Are you curious about what these tokens are?
They include GRASS, TAO (and its subnets), VANA, FLOCK, PROMPT, and a series of tokens that have not yet been issued, such as Nous Research, Pluralis, Prime Intellect, and other projects. These teams are building a truly Web3 AI moat, giving ownership of high-performance models to the public (rather than centralized AI labs). In short, these projects focus on truly complex artificial intelligence technology, which ordinary people find difficult to understand and are not sure how to participate in because they represent the cutting edge of innovation in the field of decentralized AI.
How to develop the best investment strategy according to trends?
My strategy is to gradually invest the profits from short-term small AI Agent transactions (especially with average teams in the Genesis project) into the field of decentralized AI. Those AI projects with fundamental value need time to grow because they are mostly infrastructure-oriented and lack consumer-facing products. As we have seen, models such as ChatGPT, Grok, Anthropic, etc., have suddenly become very good at completing daily tasks, real-time research, programming, etc. In the future, decentralized Web3 models will also become powerful when performing some Web2 native and Web3 native tasks.
Does this mean you should heavily invest in decentralized AI infrastructure?
Not necessarily, success in the crypto field is mainly driven by market hype and marketing strategies. Whether a project can succeed in the long term depends 90% on marketing and 10% on model design. The key to success is to create products that meet market demand, provide a smooth user interface and experience, formulate and accurately execute a detailed launch plan, design a sustainable token economic model, and plan effective user growth and retention strategies. These elements together form a winning marketing system.

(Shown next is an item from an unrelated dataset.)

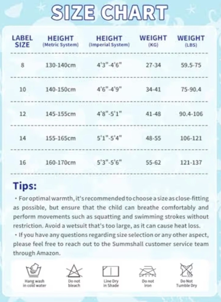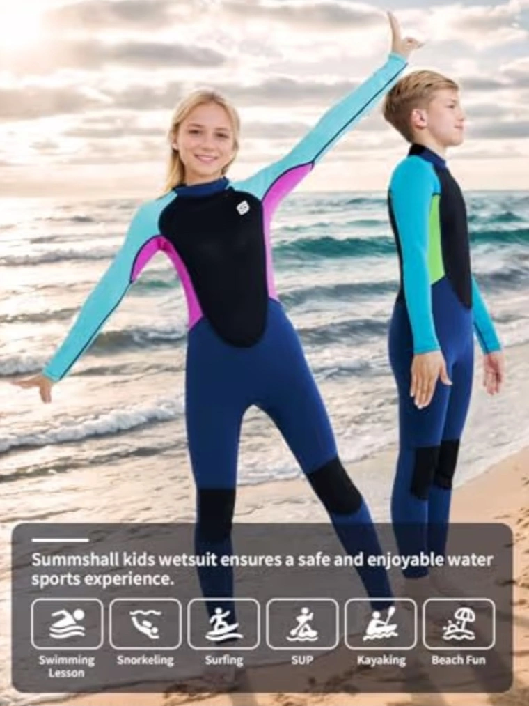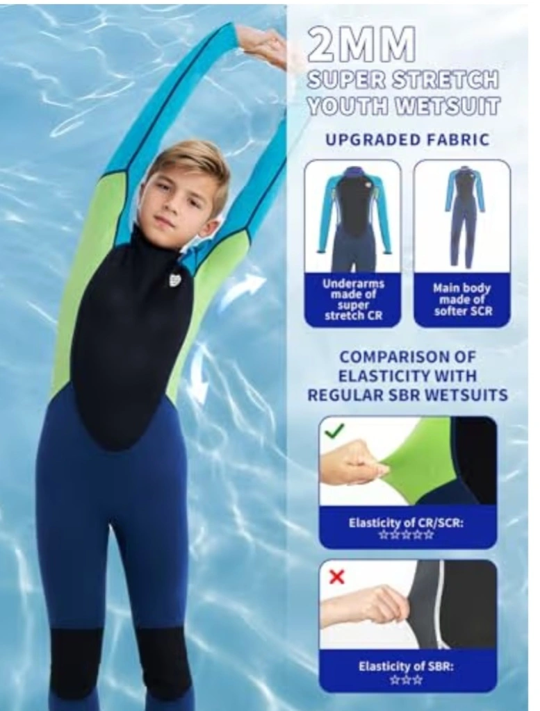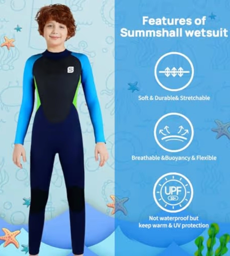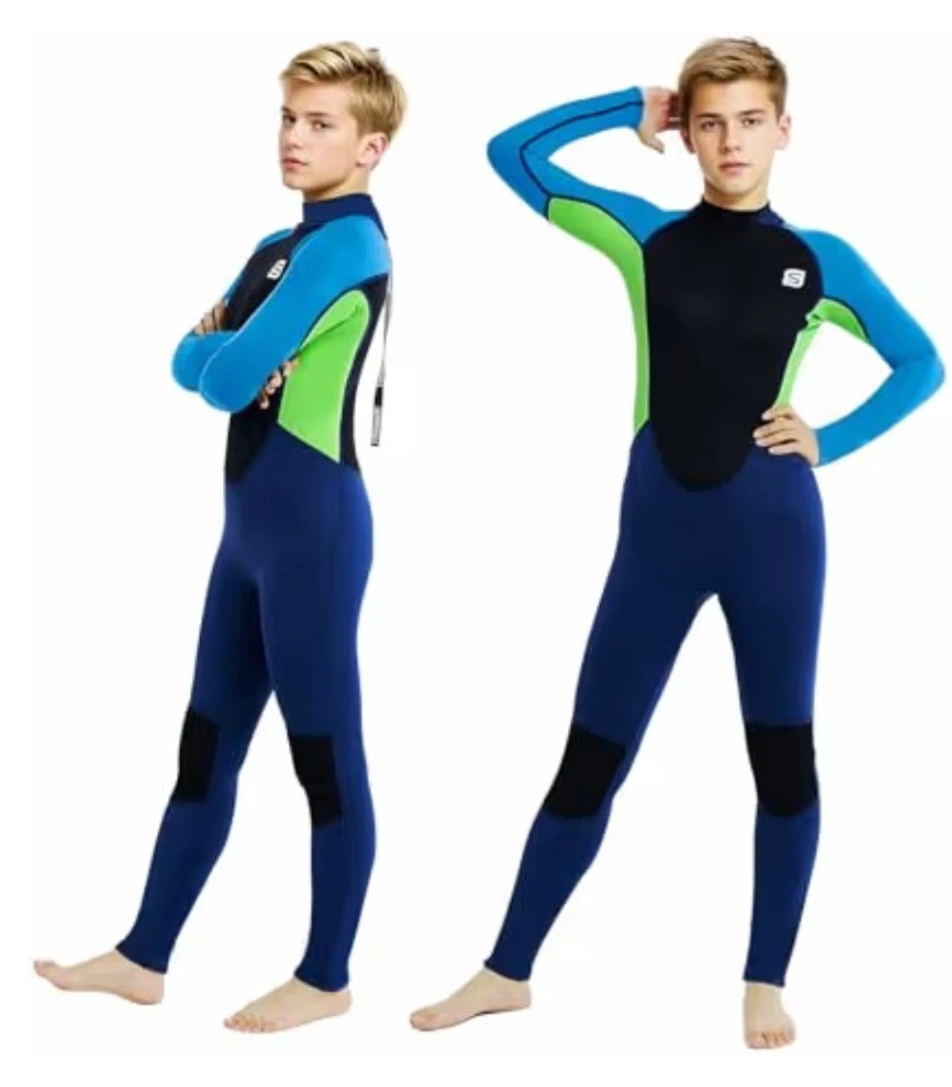 Child's full-length wetsuit. Colour-blocked design. Size 8. Suitable for swimming lessons.

My core investment philosophy has always been to bet on teams that know how to combine marketing channels with technology. This logic is similar to the strategy of venture capital institutions investing in vertical SaaS companies in the Web2 era, which focus on solutions for specific scenarios. Although they may use general basic models behind the scenes, they combine them with their own unique proprietary data.
I believe this view will be very durable in the medium and short term, especially in the Web3 field, because everything is driven by hype and community, and things that are easy to understand will be easier to promote.
The transaction structure of the crypto market is also moving in this direction, with the fair launch model gradually becoming the market norm. At the same time, more and more teams in other ecosystems are beginning to integrate technology and marketing more deeply. They are investing more time in establishing technical cooperation with infrastructure projects and focusing on marketing and market entry strategies to transform market attention into attention to actual AI technology.
Quick Summary
The Genesis Launch model of Virtuals has achieved a double harvest in market attention and return rates.
Hype is still more than fundamentals, mostly just short-term operations.
DeFi projects with solid fundamentals are discovering growth potential through the Virtuals ecosystem.
Creators' revenue from trading volume is starting a new wave of experiments.
The Virtuals ecosystem is currently leading, but other alternative ecosystems may soon attract market attention and investment.
Institutional investors are on the sidelines, preferring to invest in decentralized AI infrastructure rather than AI Agent tokens.